Please write out the whole listing that follows exactly; the pictures stay out.

-=-=-

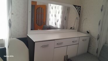 Qonaq otağı üçün mebel dəsti satılır: vitrin şkafı və güzgülü komod.
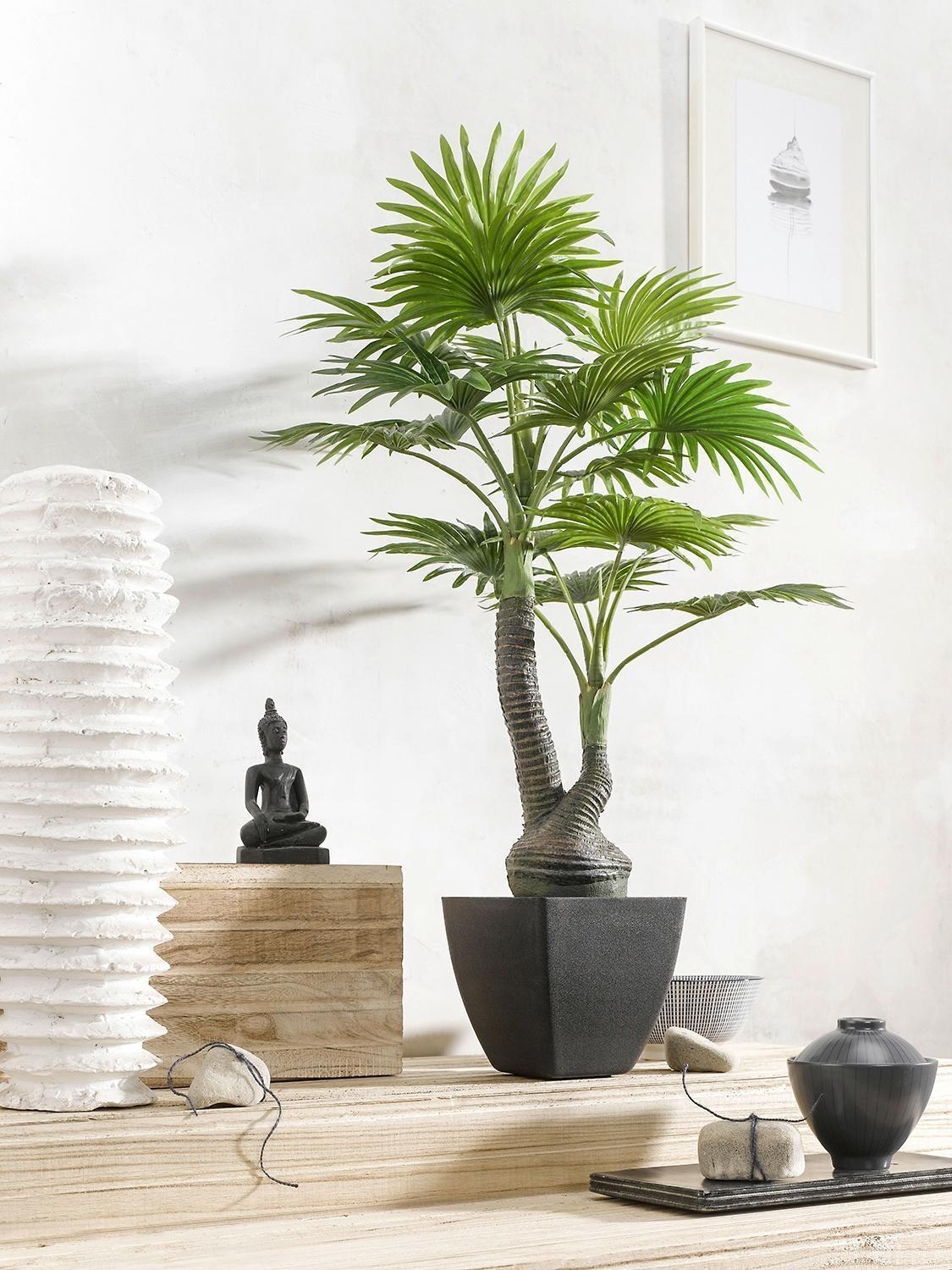 Der künstliche Farn FERNELLAS von casa NOVA überzeugt mit seiner naturgetreuen Optik in sattem Grün und einer Höhe von 70 cm. Die detailreichen Blätter und die Erdoberfläche im schwarzen Kunststofftopf bestehen aus pflegeleichtem Kunststoff, während Stamm und Äste aus einer Kombination von Metall und Kunststoff gefertigt sind. Das Arrangement ist ideal für Wohnräume, Büros oder Flure geeignet und sorgt ganz ohne Pflegeaufwand für frisches Grün. Inklusive passendem Pflanzgefäß.
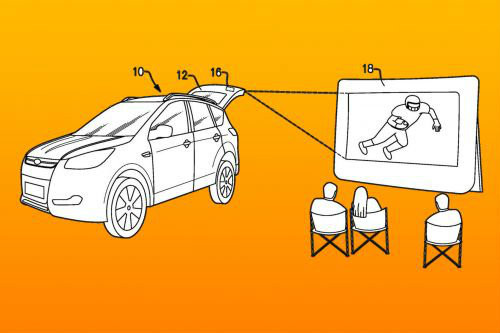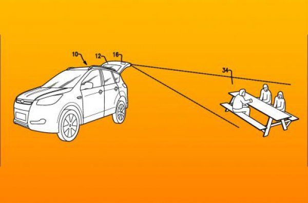 Ford подал заявку на патент, в которой содержатся эскизы, демонстрирующие работу встроенного в багажную дверь видеопроектора. На снимках изображен кроссовер, в нижнюю часто багажной двери которого встроен видеопроектор. Когда дверь поднята, он транслирует изображение на экран, установленный рядом с машиной, сообщает .
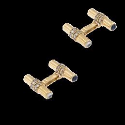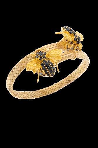 terminali a sfere decorate con smalti policromo sormontate da due api in oro giallo e zaffiri tondi, misura regolabile
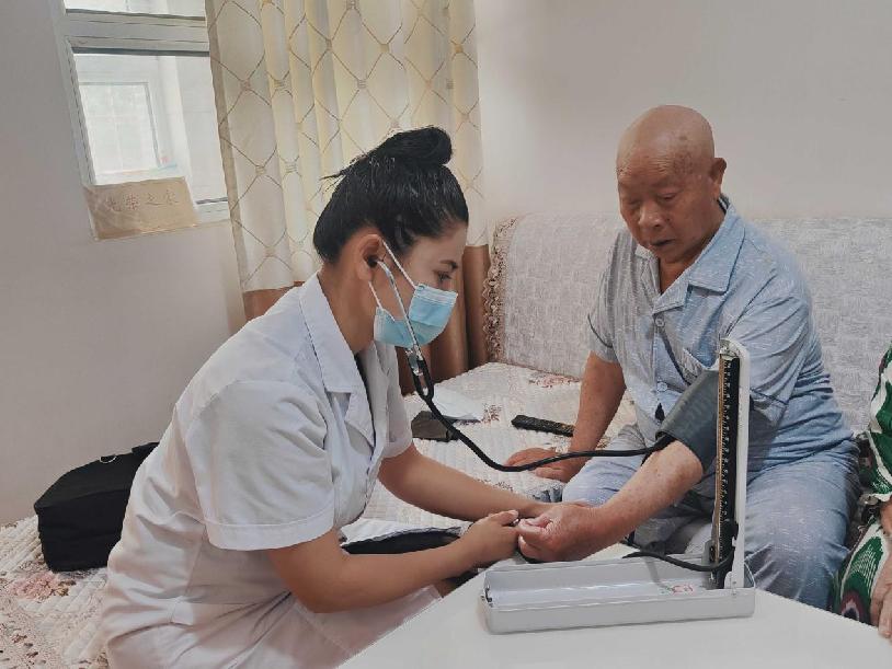 医护人员为老人测血压、血糖。(阿卜杜克热木 摄)
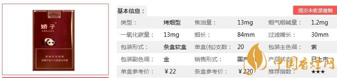 嬌子軟紫國寶煙支長84mm,過濾嘴長:30mm,該款產品采用了具有自主知識產權的復合生化減害技術,能夠明顯降低煙氣中的有害物質。下面我們一起來看嬌子軟紫國寶的參數信息:焦油量:13mg 煙堿量:1.2mg 一氧化碳量:13mg
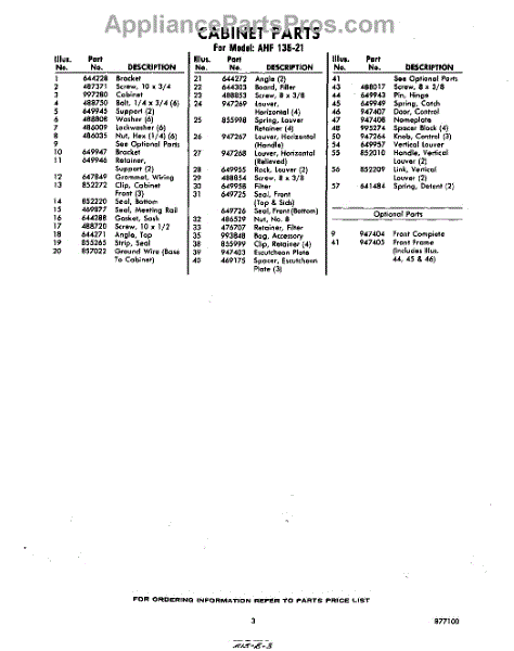 Parts for Whirlpool AHF13521: 03 - Section Parts
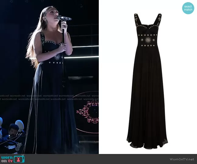 on The Voice on NBC was spotted wearing this black studded maxi dress on The Voice on Dec 12 2023's episode. 's Dress is the Embellished Silk Satin Dress by Fausto Puglisi.
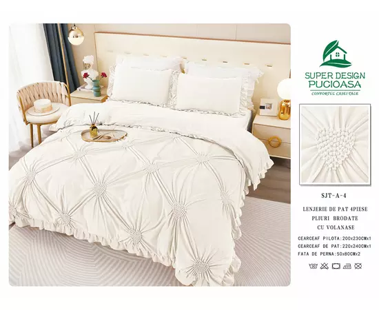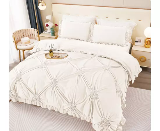 Lenjerie de Pat, 4 Piese din Catifea, cu Volanase, pentru Pat dublu, Cream Deschis - FR156
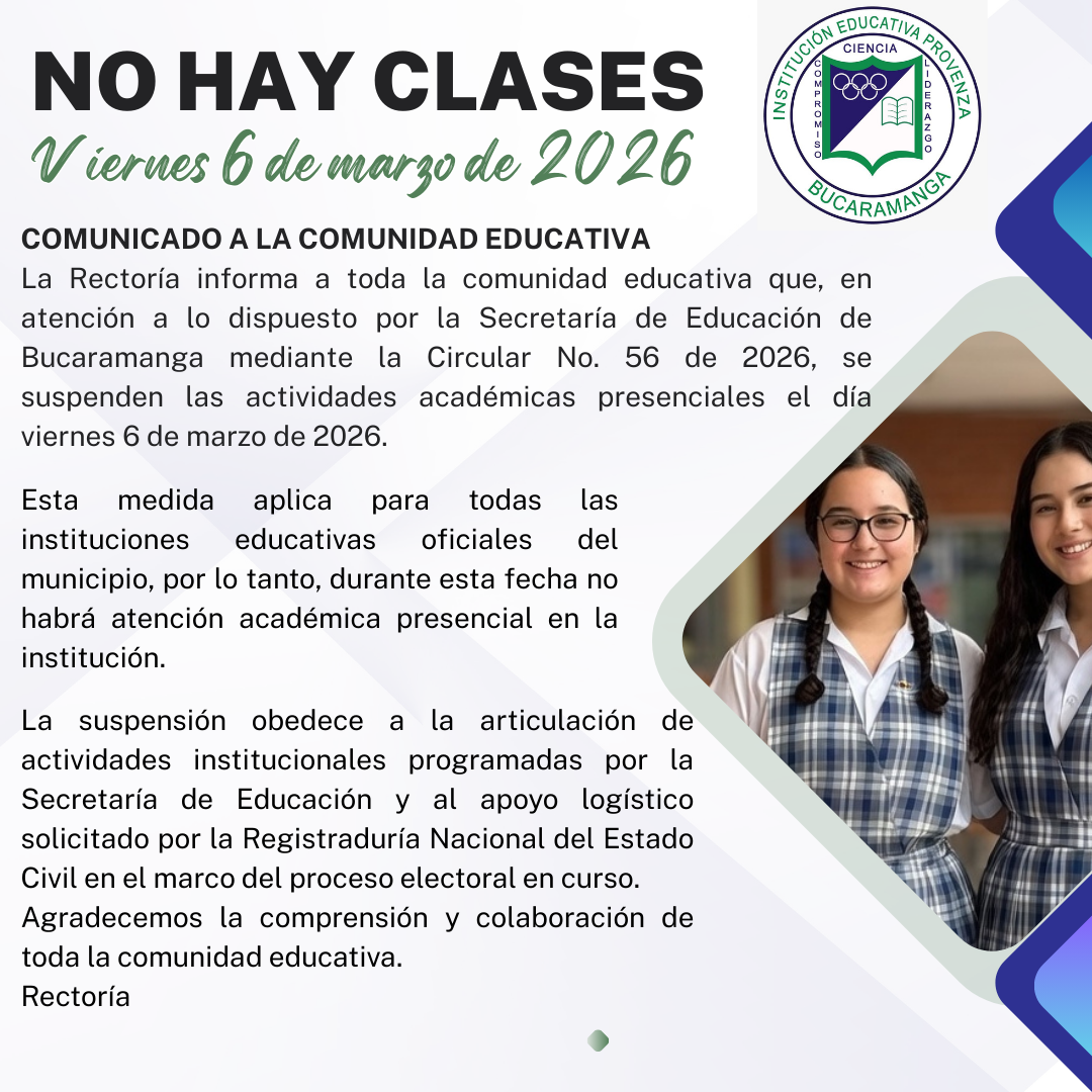 En cumplimiento del Decreto 4807 de 2011 y la Política de Gratuidad Educativa establecida por el Ministerio de Educación Nacional, la Institución Educativa Provenza informa a la comunidad que la educación en los niveles de preescolar, básica y media es totalmente gratuita. No se realizan cobros por matrícula, pensiones, servicios académicos o actividades obligatorias.
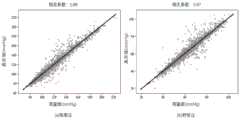 (6)将PPG信号输入到上述步骤中即可得到单拍脉搏波对应的血压值,实施结果图6(a)为收缩压的相关性分析,图6(b)为舒张压的相关性分析。(6) Input the PPG signal into the above steps to obtain the blood pressure value corresponding to the single beat pulse wave. Figure 6(a) is the correlation analysis of the systolic blood pressure, and Figure 6(b) is the correlation analysis of the diastolic blood pressure. .
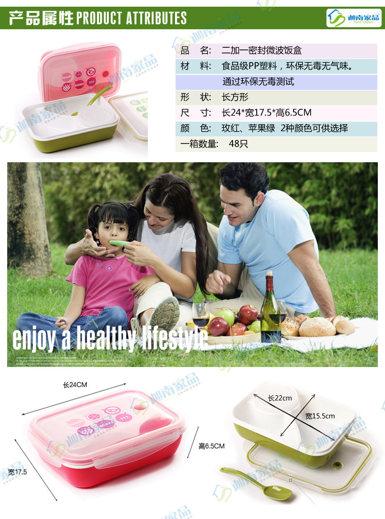 两格饭盒带汤碗微波加热日式分多格便当盒二格密封餐盒餐具买1送3
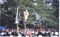 13時神社出発→市内を練り歩き→17時頃神社に戻った後→境内でチマキがまかれる。14時頃より境内の神楽殿でお神楽が奉納され、神社裏に植木市がたつ。
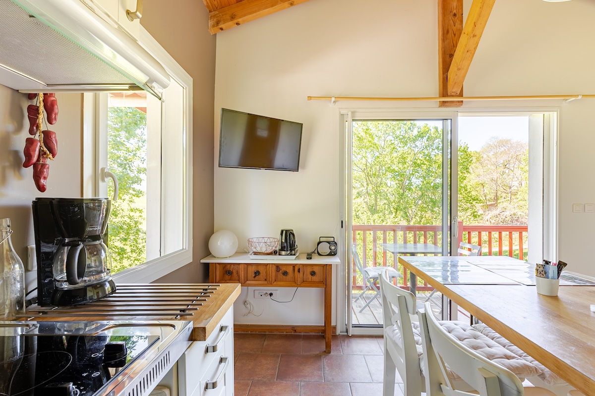 A tenger és a hegyek közelében gyere, és töltsd fel az akkumulátoraidat egy menedékben, 10 percre Biarritztól. A több mint 3 méteres gólyalábakon álló, buja kertben fákkal körülvett víkendház teljesen felszerelt, így nagy kényelmet élvezhetsz a természet szívében. A teljesen felszerelt nyári konyha a kabin alatt található. Madárdalra fogsz ébredni. OPCIÓ: a helyszínen fizetendő (hitelkártya nélkül): északi fürdő 40 € (vagy 50 € 2 fürdőköpenyért). Egyszerű, önálló reggelit tartalmaz .
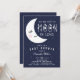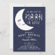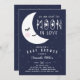 Adorável menino sobre a lua em convite para chás de fraldas. Sacudir nosso chá de fraldas convidar para ver uma coordenação com estrelas azuis.

-=-=-

> **Result of this exercise**
 Qonaq otağı üçün mebel dəsti satılır: vitrin şkafı və güzgülü komod.
 Der künstliche Farn FERNELLAS von casa NOVA überzeugt mit seiner naturgetreuen Optik in sattem Grün und einer Höhe von 70 cm. Die detailreichen Blätter und die Erdoberfläche im schwarzen Kunststofftopf bestehen aus pflegeleichtem Kunststoff, während Stamm und Äste aus einer Kombination von Metall und Kunststoff gefertigt sind. Das Arrangement ist ideal für Wohnräume, Büros oder Flure geeignet und sorgt ganz ohne Pflegeaufwand für frisches Grün. Inklusive passendem Pflanzgefäß.
 Ford подал заявку на патент, в которой содержатся эскизы, демонстрирующие работу встроенного в багажную дверь видеопроектора. На снимках изображен кроссовер, в нижнюю часто багажной двери которого встроен видеопроектор. Когда дверь поднята, он транслирует изображение на экран, установленный рядом с машиной, сообщает .
 terminali a sfere decorate con smalti policromo sormontate da due api in oro giallo e zaffiri tondi, misura regolabile
 医护人员为老人测血压、血糖。(阿卜杜克热木 摄)
 嬌子軟紫國寶煙支長84mm,過濾嘴長:30mm,該款產品采用了具有自主知識產權的復合生化減害技術,能夠明顯降低煙氣中的有害物質。下面我們一起來看嬌子軟紫國寶的參數信息:焦油量:13mg 煙堿量:1.2mg 一氧化碳量:13mg
 Parts for Whirlpool AHF13521: 03 - Section Parts
 on The Voice on NBC was spotted wearing this black studded maxi dress on The Voice on Dec 12 2023's episode. 's Dress is the Embellished Silk Satin Dress by Fausto Puglisi.
 Lenjerie de Pat, 4 Piese din Catifea, cu Volanase, pentru Pat dublu, Cream Deschis - FR156
 En cumplimiento del Decreto 4807 de 2011 y la Política de Gratuidad Educativa establecida por el Ministerio de Educación Nacional, la Institución Educativa Provenza informa a la comunidad que la educación en los niveles de preescolar, básica y media es totalmente gratuita. No se realizan cobros por matrícula, pensiones, servicios académicos o actividades obligatorias.
 (6)将PPG信号输入到上述步骤中即可得到单拍脉搏波对应的血压值,实施结果图6(a)为收缩压的相关性分析,图6(b)为舒张压的相关性分析。(6) Input the PPG signal into the above steps to obtain the blood pressure value corresponding to the single beat pulse wave. Figure 6(a) is the correlation analysis of the systolic blood pressure, and Figure 6(b) is the correlation analysis of the diastolic blood pressure. .
 两格饭盒带汤碗微波加热日式分多格便当盒二格密封餐盒餐具买1送3
 13時神社出発→市内を練り歩き→17時頃神社に戻った後→境内でチマキがまかれる。14時頃より境内の神楽殿でお神楽が奉納され、神社裏に植木市がたつ。
 A tenger és a hegyek közelében gyere, és töltsd fel az akkumulátoraidat egy menedékben, 10 percre Biarritztól. A több mint 3 méteres gólyalábakon álló, buja kertben fákkal körülvett víkendház teljesen felszerelt, így nagy kényelmet élvezhetsz a természet szívében. A teljesen felszerelt nyári konyha a kabin alatt található. Madárdalra fogsz ébredni. OPCIÓ: a helyszínen fizetendő (hitelkártya nélkül): északi fürdő 40 € (vagy 50 € 2 fürdőköpenyért). Egyszerű, önálló reggelit tartalmaz .
 Adorável menino sobre a lua em convite para chás de fraldas. Sacudir nosso chá de fraldas convidar para ver uma coordenação com estrelas azuis.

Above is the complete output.